TASK OBJECTIVE: Repeat what the lines below say, word for word, and skip every image.

DATASET:

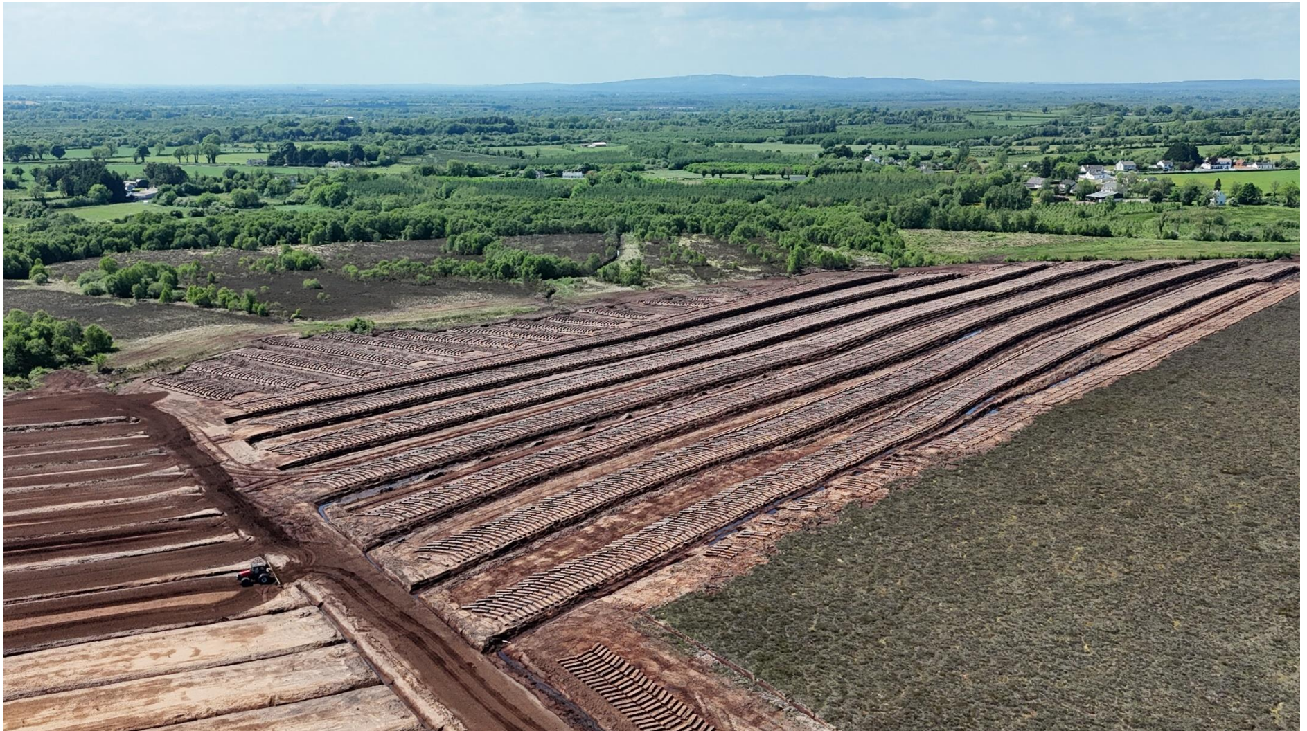
Photo 5: View of section of the peatland where large sod peat had recently been excavated, note milled peat extraction taking place also.
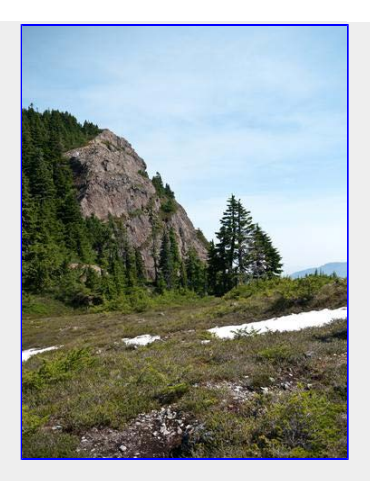
The hanging boulder on the trail up to The Squarehead
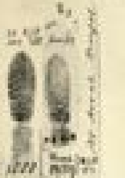
of your natural
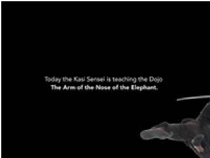
Film Crafts - Craft Gold
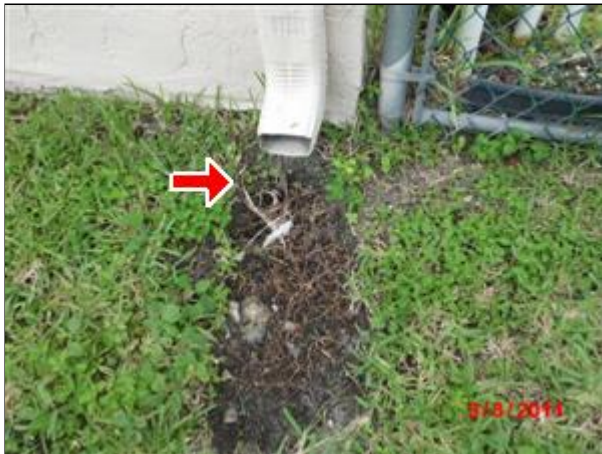
2.4 Picture 1 missing splash stone

2.4 The gutters are missing splash stones. The gutter top left side facing home is loose and could fall off at any time recommend repairs. The gutters need to be cleaned and seal around the joints.
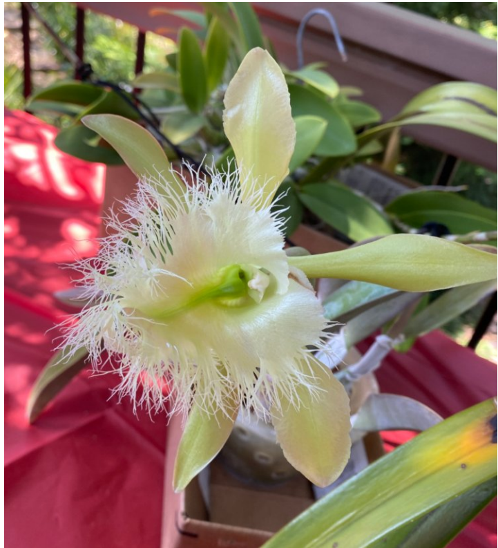
Flowers from the July Picnic
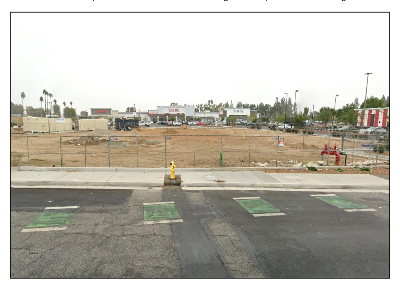
Street View from Van Buren Boulevard
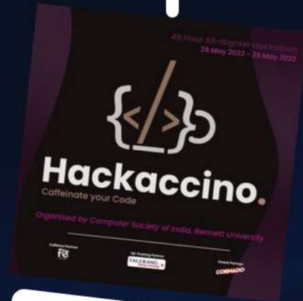
Hackaccino 48 Hours Hackathon
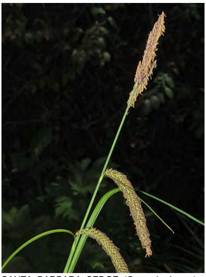
SANTA BARBARA SEDGE (Carex barbarae) -Native Perennial - Sedge Family - (May-Aug) -Seasonally wet places - Stem 6-36" tall, base brown to purple. Lowest flower cluster "leaves" < 4" long. Spikelets brown, 1-3" long, 0.2-0.3" wide.
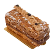
MILLE FEUILLE ฿250
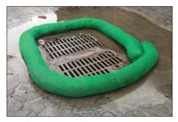
Drain Inlet Protection
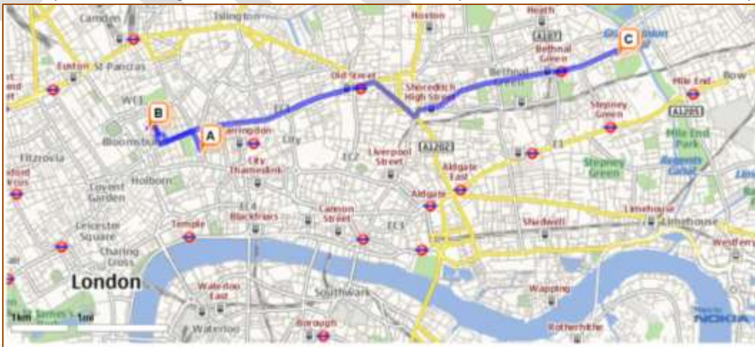
Map Powered by Yahoo

[A] Tyndalls Buildings [B] Ormond Children's Hospital [C] Victoria Park Cemetery
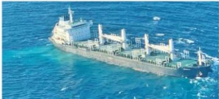
The stranded 'MV Eurosun' off the Sri Lankan coast.
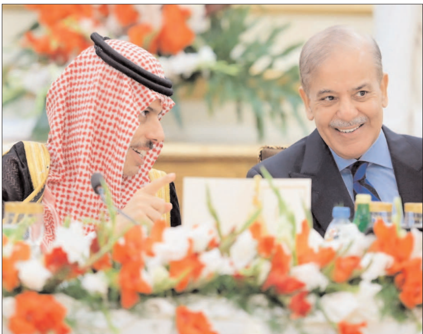
ISLAMABAD: Prime Minister, Shehbaz Sharif hosted a banquet in honour of Foreign Minister of Saudi Arabia, Prince Faisal bin Farhan al-Saud.
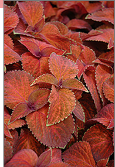
Wizard Sunset Coleus foliage

Wizard Sunset Coleus is recommended for the following landscape applications;
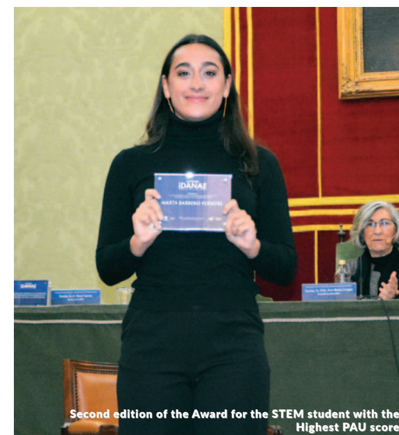
Second edition of the Award for the STEM student with the Highest PAU score
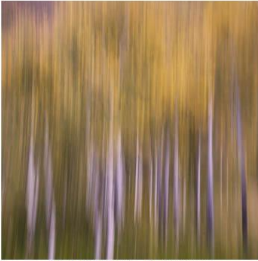
Ghostly Aspen - Bill Schwarz
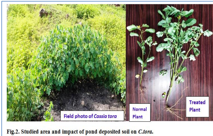
Fig.2. Studied area and impact of pond deposited soil on C.tora .

Our data was agreed with the previous literature, it was reported the pH of soil is one of the most important parameter and at basic or low acidic pH soils usually cultivated rice [22]. It was studied on the physicochemical parameters like pH, specific conductivity, chloride, total alkalinity, calcium, magnesium nitrate, sulphate, phosphate sodium and potassium from July 2008 to June 2009 and fluctuation were observed in several parameters [23]. It was reported that the salinity values above 2 dS/m begin to cause problems with salt sensitive plants, and values above 4 dS/m are problems for many garden and landscape plants [24]. Fungal diversity of any soil depends on a large number of factors of the soil such as pH, organic content and moisture [25].
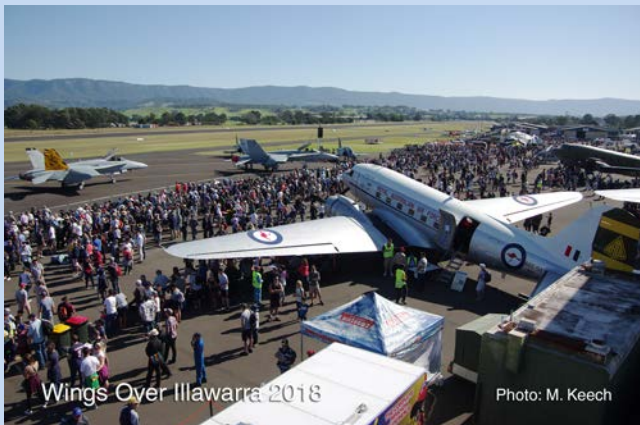
Wings Over Illawarra 2018

HARS Aviation Museum contributed by opening 14 aircraft for public inspection, including the perennial favourites, the Boeing 747-438 and the Lockheed C-121C Super Constellation. Over 12,000 people took the opportunity to inspect our aircraft!
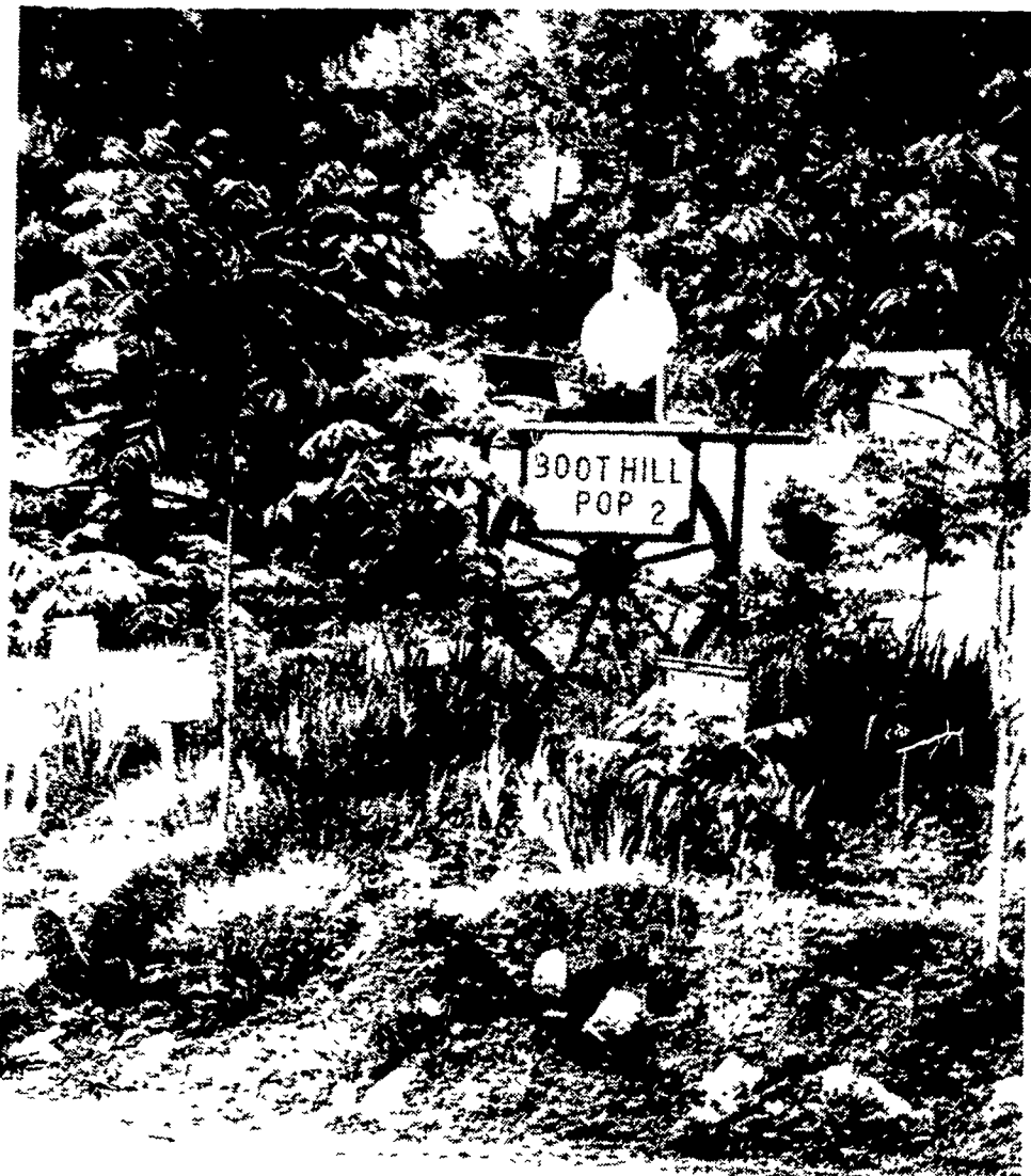
Perhaps some childhood fantasies or a need to clean the leaky boots out of the basement during Spring cleaning prompted this garden arrangement.

TASK OUTPUT:
Photo 5: View of section of the peatland where large sod peat had recently been excavated, note milled peat extraction taking place also.
The hanging boulder on the trail up to The Squarehead
of your natural
Film Crafts - Craft Gold
2.4 Picture 1 missing splash stone

2.4 The gutters are missing splash stones. The gutter top left side facing home is loose and could fall off at any time recommend repairs. The gutters need to be cleaned and seal around the joints.
Flowers from the July Picnic
Street View from Van Buren Boulevard
Hackaccino 48 Hours Hackathon
SANTA BARBARA SEDGE (Carex barbarae) -Native Perennial - Sedge Family - (May-Aug) -Seasonally wet places - Stem 6-36" tall, base brown to purple. Lowest flower cluster "leaves" < 4" long. Spikelets brown, 1-3" long, 0.2-0.3" wide.
MILLE FEUILLE ฿250
Drain Inlet Protection
Map Powered by Yahoo

[A] Tyndalls Buildings [B] Ormond Children's Hospital [C] Victoria Park Cemetery
The stranded 'MV Eurosun' off the Sri Lankan coast.
ISLAMABAD: Prime Minister, Shehbaz Sharif hosted a banquet in honour of Foreign Minister of Saudi Arabia, Prince Faisal bin Farhan al-Saud.
Wizard Sunset Coleus foliage

Wizard Sunset Coleus is recommended for the following landscape applications;
Second edition of the Award for the STEM student with the Highest PAU score
Ghostly Aspen - Bill Schwarz
Fig.2. Studied area and impact of pond deposited soil on C.tora .

Our data was agreed with the previous literature, it was reported the pH of soil is one of the most important parameter and at basic or low acidic pH soils usually cultivated rice [22]. It was studied on the physicochemical parameters like pH, specific conductivity, chloride, total alkalinity, calcium, magnesium nitrate, sulphate, phosphate sodium and potassium from July 2008 to June 2009 and fluctuation were observed in several parameters [23]. It was reported that the salinity values above 2 dS/m begin to cause problems with salt sensitive plants, and values above 4 dS/m are problems for many garden and landscape plants [24]. Fungal diversity of any soil depends on a large number of factors of the soil such as pH, organic content and moisture [25].
Wings Over Illawarra 2018

HARS Aviation Museum contributed by opening 14 aircraft for public inspection, including the perennial favourites, the Boeing 747-438 and the Lockheed C-121C Super Constellation. Over 12,000 people took the opportunity to inspect our aircraft!
Perhaps some childhood fantasies or a need to clean the leaky boots out of the basement during Spring cleaning prompted this garden arrangement.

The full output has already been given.